I was pleased to see the environment getting a mention and a nod to one million green jobs, however unrealistic this appears. Green issues have been scandalously sidelined by this government. Short termism always wins the day.
The passages on Murdoch and the NHS shamelessly played to the gallery. I’m afraid I thought some of his comments on the NHS were ill judged. This has not been a good year for health professionals. Whether you believe the coalition wish to privatise the hell out of the NHS or not, shouldn’t detract from recent or past cases of negligence and appalling standards of care that have made headlines.

The reaction by GPs at being told they should work out of hours and on weekends in return for their ample salary has been unedifying. Miliband was right that Labour resuscitated the NHS, but the needlessly overgenerous salaries to GPs and consultants is evidence of money not well spent when times were good.

I’m getting increasingly irritated by the “We Love the NHS” mantra that all Labour supporters feel we must chant ad nauseum. The NHS is a vital institution that needs to be preserved. It does some things extremely well, and others not so. It is not beyond criticism. A little humility for scandals such as Mid-Staffs, which happened on Labour’s watch, wouldn’t go amiss.
My overall worry is that this speech will keep the status-quo as it is. Those who loved it were going to vote Labour anyway.

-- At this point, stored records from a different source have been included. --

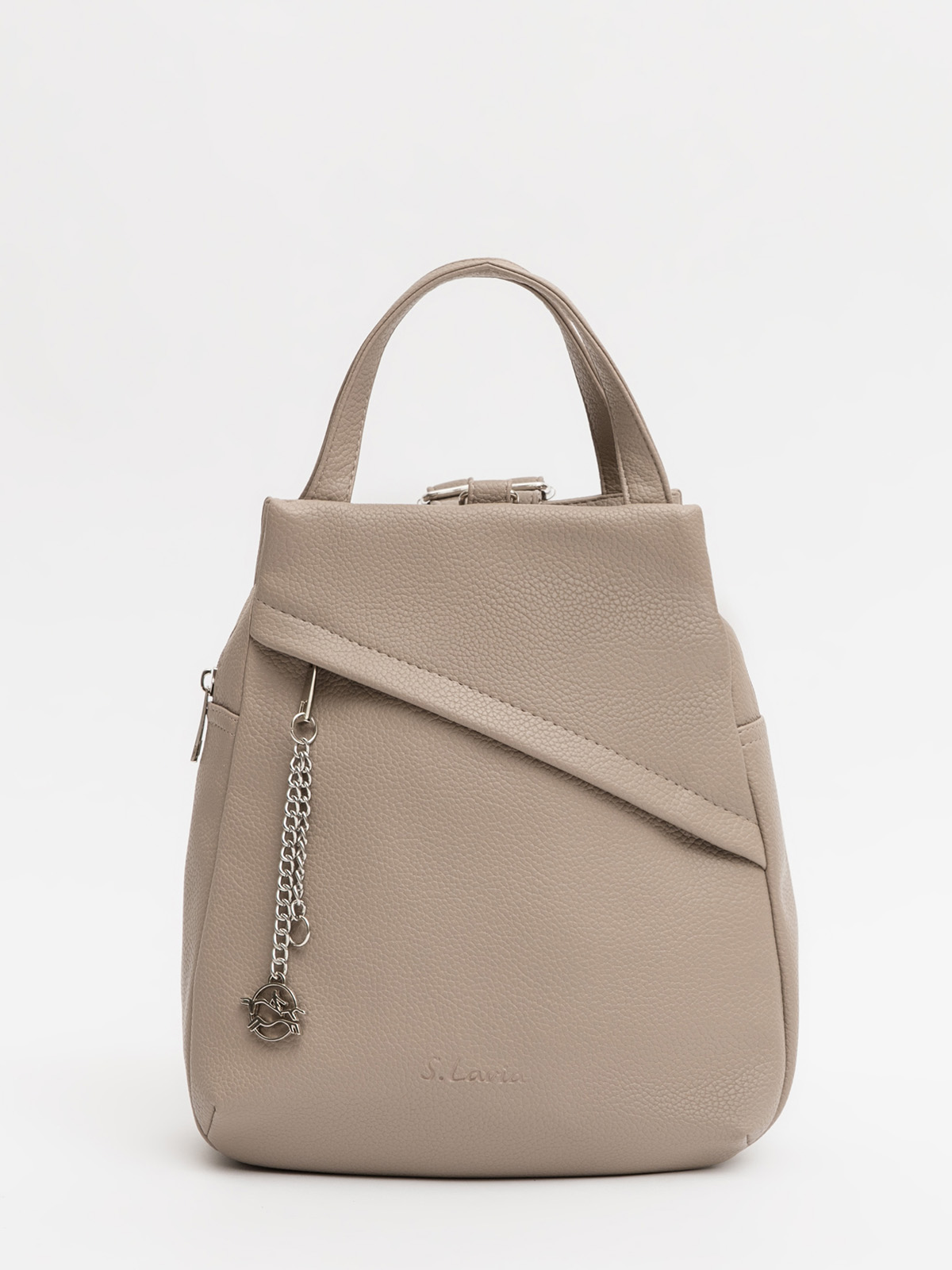 Асимметричная форма с металлическим декором сразу выделяет эту модель. Передний карман со скрытой молнией сохраняет чистые линии, добавляя внешней сдержанности. Объёмный основной отдел и продуманные карманы вместят всё необходимое, сохраняя аккуратный вид.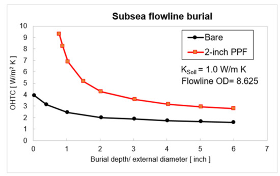 Flowline burial has the edge of utilizing the soil good heat capacity that acts as both heat storage and sinks [50]. Therefore, a buried insulated flowline has a greater heat capacity than a PIP system with extended cooldown time [49] while the installation cost of a buried insulated flowline is roughly 35–50% higher than that of a PIP technique [49,101,102]. In the course of the shutdown time before the advent of hydrates nucleation or gelling of wax, a buried flowline has four times higher retention capacity for heat than a PIP system [50,103,104]. This can be an important reduction in the overall project for long flowline systems [49]. Some other merits of flowlines burial system include more option on installation vessels and contractors, more options on the vendor for the fabrication of flowline, when compared to PIP system gives a slower cooldown time during shutdown and a likelihood of single flowline repair [49], and also provide a reduced time and enhanced schedule for first oil [49,105,106]. Oh et al. [107] carried out laboratory experiments to ratify some numerical and analytical models [50,108,109,110,111]. Figure 6 shows the comparison between burial depth and U-value for both bared and a coated polypropylene foam flowline [51]. It is also important that challenges like upheaval buckling and seafloor buckling are examined during the design of a good scouring depth for flowline burial [51,112,113].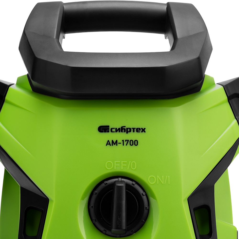 <p>Колесная моечная машина высокого давления Сибртех АМ-1700 58222 мощностью 1700 Вт поддерживает давление 130 бар и расходует 350 л воды в час. Предназначена для бытового применения, успешно справляется как с естественными загрязнениями, так и с въевшимися пятнами или масляными разводами. Может использоваться для мытья автомобиля, очищения садовых дорожек, фасада дома, заборов, инвентаря и других предметов. Машина способна работать с режиме самовсасывания, поэтому отсутствие водопровода не помеха: источником воды может быть любой водоем или резервуар.</p><h2>Преимущества</h2><ul><li>Термозащита — в случае перегрева двигатель останавливается, что предотвращает его поломку.</li><li>Безопасность — перепускной клапан не допускает превышения максимального рабочего давления.</li><li>Защита от непредвиденного пуска — главный выключатель препятствует случайному включению, рычаг пистолета блокируется в выключенном положении.</li><li>Высокий ресурс — алюминиевая крыльчатка помпы устойчива к коррозии.</li><li>Быстрая подготовка к работе — пистолет подключается одним движением, шланг подачи воды присоединяется при помощи быстросъемного адаптера.</li><li>Эффективная фильтрация — вода на входе очищается от частиц грязи и мелкого песка, поэтому обрабатываемые поверхности и крыльчатка помпы не царапаются и не разрушаются. </li><li>Использование моющих средств — к пистолету можно подключить пенообразователь (не входит в комплект поставки).</li><li>Эргономичность — производитель предусмотрел кронштейн для сетевого шнура и держатель для пистолета.</li><li>Компактность — моечная машина не занимает много места, ее можно хранить даже в квартире.</li><li>Удобное перемещение — у машины имеются большие колеса и рукоятка.</li></ul>

Those unsure of Ed Miliband may have been impressed by his delivery, his warmth, but still scratching their heads as to why they should vote for him. Decent guy, likeable guy, they would have thought, but my future PM? Unlikely.

Again, this leaves us as we were, but now three and a half years on.
What Ed’s performance did do was convince me further that Labour must do all they can to push for the leaders’ debates on TV. I think Ed will come out of them well. This will be essential floating voter territory. A couple more populist ideas are a must. Think public transport and those weary commuters in the South-East. Their votes are sorely needed. Or maybe not, if yesterday is anything to go by.